Results can be estimated using several metrics (see the sklearn documentation for details):

  • Using labels, you can use the random index, homogeneity, completeness and v-measure.
  • Without labels, you may use the inertia and the silhouette score.

It is generally informative to use both these metrics.

In the end, using the KMeans algorithm on all the embeddings with \(K=3\) results in:

  • inertia: 84.78
  • random index: 0.55

You should try varying \(K\) and see what happens!

Ressources for Session 2

Dataset

Main features :

  • 300 texts, containing only the first 30 words of each description.
  • On the 300 texts, 100 of them are from the "Conifer" class, 100 from the "Fern" class, and 100 from the "Moss" class.
  • "Conifer", "Fern" and "Moss" are respectively labelled as class "0", "1", and "2".
  • For each class, 80 out of the 100 examples are used for training, and 20 for testing. The training/test split was made randomly, and examples are already given to you as training and testing ones.

Latent Space

As for Lab 1, the 300 texts have been put in a latent space using RoBERTa, a deep learning model from this paper. We will delve into the details of Deep Learning in courses 4 and 5.

The training and testing datasets are available in the embeddings-text-lab2.npz file. This file is a dictionary, whose values are indexed as "X_train", "y_train", "X_test", and "y_test".

In that regard, files are to be loaded using the following snipet code:

1
2
3
4
5
6
7
train_test_dataset = np.load(PATH_TO_EMBEDDINGS_LAB2)

X_train, X_test, y_train, y_test = train_test_dataset['X_train'], train_test_dataset['X_test'], train_test_dataset['y_train'], train_test_dataset['y_test']

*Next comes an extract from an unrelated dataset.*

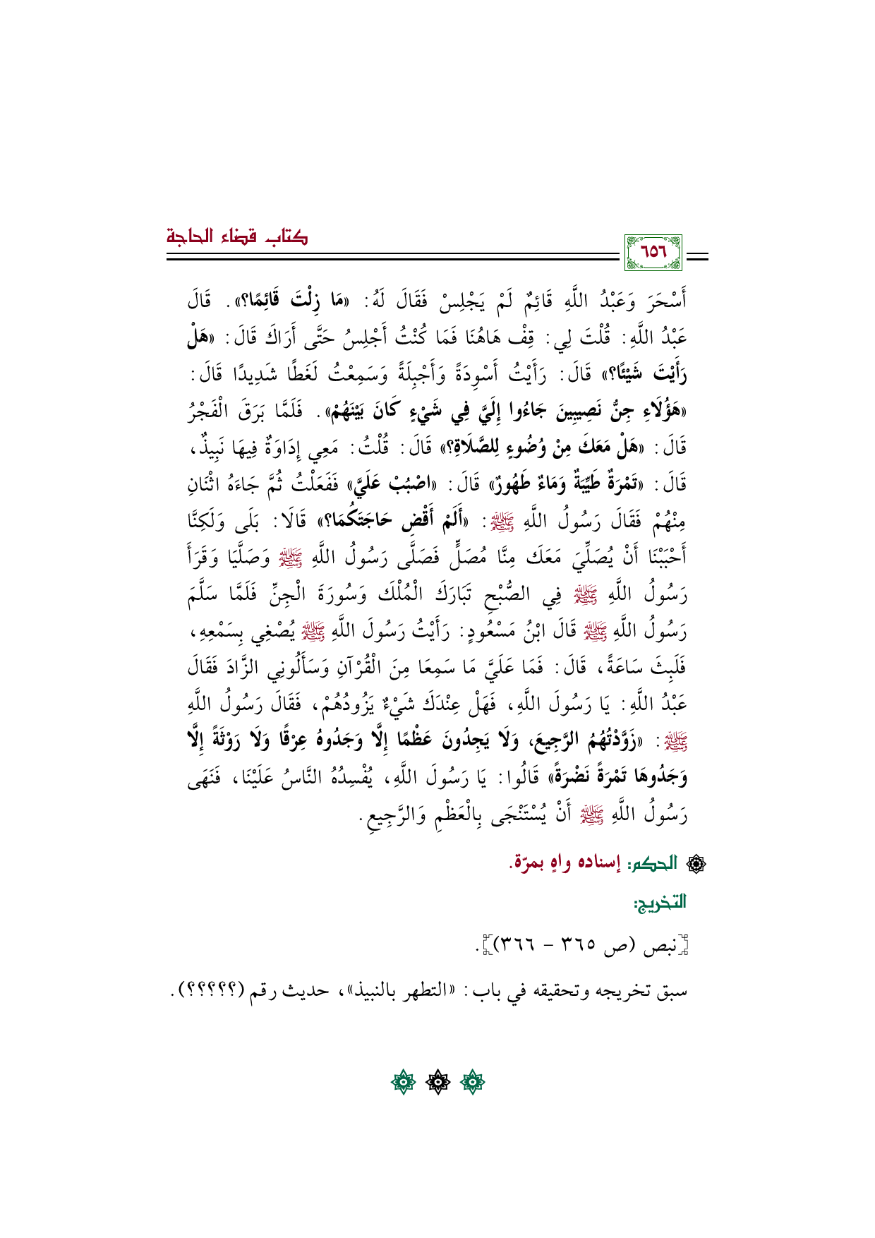فَلَمَّا بَرَقَ الْفَجْرُ قَالَ: «هَلْ مَعَكَ مِنْ وُضُوءٍ لِلصَّلَاةِ؟ » قَالَ: قُلْتُ: مَعِي إِدَاوَةٌ فِيهَا نَبِيذٌ، قَالَ: «تَمْرَةٌ طَيِّبَةٌ وَمَاءٌ طَهُورٌ» قَالَ: «اصْبُبْ عَلَيَّ» فَفَعَلْتُ ثُمَّ جَاءَهُ اثْنَانِ مِنْهُمْ فَقَالَ رَسُولُ اللَّهِ صلى الله عليه وسلم: «أَلَمْ أَقْضِ حَاجَتَكُمَا؟ » قَالَا: بَلَى وَلَكِنَّا أَحْبَبْنَا أَنْ يُصَلِّيَ مَعَكَ مِنَّا مُصَلٍّ فَصَلَّى رَسُولُ اللَّهِ صلى الله عليه وسلم وَصَلَّيَا وَقَرَأَ رَسُولُ اللَّهِ صلى الله عليه وسلم فِي الصُّبْحِ تَبَارَكَ الْمُلْكَ وَسُورَةَ الْجِنِّ فَلَمَّا سَلَّمَ رَسُولُ اللَّهِ صلى الله عليه وسلم قَالَ ابْنُ مَسْعُودٍ: رَأَيْتُ رَسُولَ اللَّهِ صلى الله عليه وسلم يُصْغِي بِسَمْعِهِ، فَلَبِثَ سَاعَةً، قَالَ: فَمَا عَلَيَّ مَا سَمِعَا مِنَ الْقُرْآنِ وَسَأَلُونِي الزَّادَ فَقَالَ عَبْدُ اللَّهِ: يَا رَسُولَ اللَّهِ، فَهَلْ عِنْدَكَ شَيْءٌ يَزُودُهُمْ، فَقَالَ رَسُولُ اللَّهِ صلى الله عليه وسلم: «زَوَّدْتُهُمُ الرَّجِيعَ، وَلَا يَجِدُونَ عَظْمًا إِلَّا وَجَدُوهُ عِرْقًا وَلَا رَوْثَةً إِلَّا وَجَدُوهَا تَمْرَةً نَضْرَةً» قَالُوا: يَا رَسُولَ اللَّهِ، يُفْسِدُهُ النَّاسُ عَلَيْنَا، فَنَهَى رَسُولُ اللَّهِ صلى الله عليه وسلم أَنْ يُسْتَنْجَى بِالْعَظْمِ وَالرَّجِيعِ.

# X_train should have a shape of (240, 768), i.e. (number of samples x embedding dimension)
# y_test should have a shape of (60), i.e. the number of test samples. Each sample's label is indexed via an integer. 
print(f"Shape of X_train: {X_train.shape}"), print(f"Shape of y_test: {y_test.shape}")

Work to do

Compute the classification on this data, using the technique you chosed. Please, refer to Lab Session 2 main page for details.

As an example, using the K-Nearest Neighbour algorithm with K=10 for classification already achieves good performance, with an accuracy of 0.7. Detailed results can be found in the following table:

Precision Recall F1-score
0 0.71 0.75 0.73
1 0.71 0.60 0.65
2 0.68 0.75 0.71

You should be able to replicate these results using the function classification_report from scikit-learn:

1
2
from sklearn.metrics import classification_report
print(classification_report(y_test, y_pred))

Ressources for Session 1

Dataset

Main features :

  • 200 texts
  • On the 200 texts, 100 of them are from the "bird" class, and are Wikipedia pages from birds. The other 100 are selected at random.

Visualisation of a few examples

These are some samples in the dataset. They are extracted from Wikipedia pages:

  • 'The pygmy white-eye (Oculocincta squamifrons), also known as the pygmy ibon, is a species of bird in the white-eye family Zosteropidae. It is monotypic within the genus Oculocincta.'

  • 'Joey Altman is an American chef, restaurateur, TV host and writer.'

  • 'GSAT-5P, or GSAT-5 Prime, was an Indian communications satellite which was lost in a launch failure in December 2010. Part of the Indian National Satellite System, it was intended to operate in geosynchronous orbit as a replacement for INSAT-3E.'

Latent Space

The 200 text have been put in a latent space using RoBERTa, a deep learning model from this paper. We will delve into the details of Deep Learning in courses 4 and 5.

For now, you can just open the numpy array containing all samples in the latent space from the embeddings-text-lab1.npz. The data is contained under the "embeddings" name in the dictionary.

Work to do

Compute, visualize and interpret the distance matrix, as explained in Lab Session 1 main page.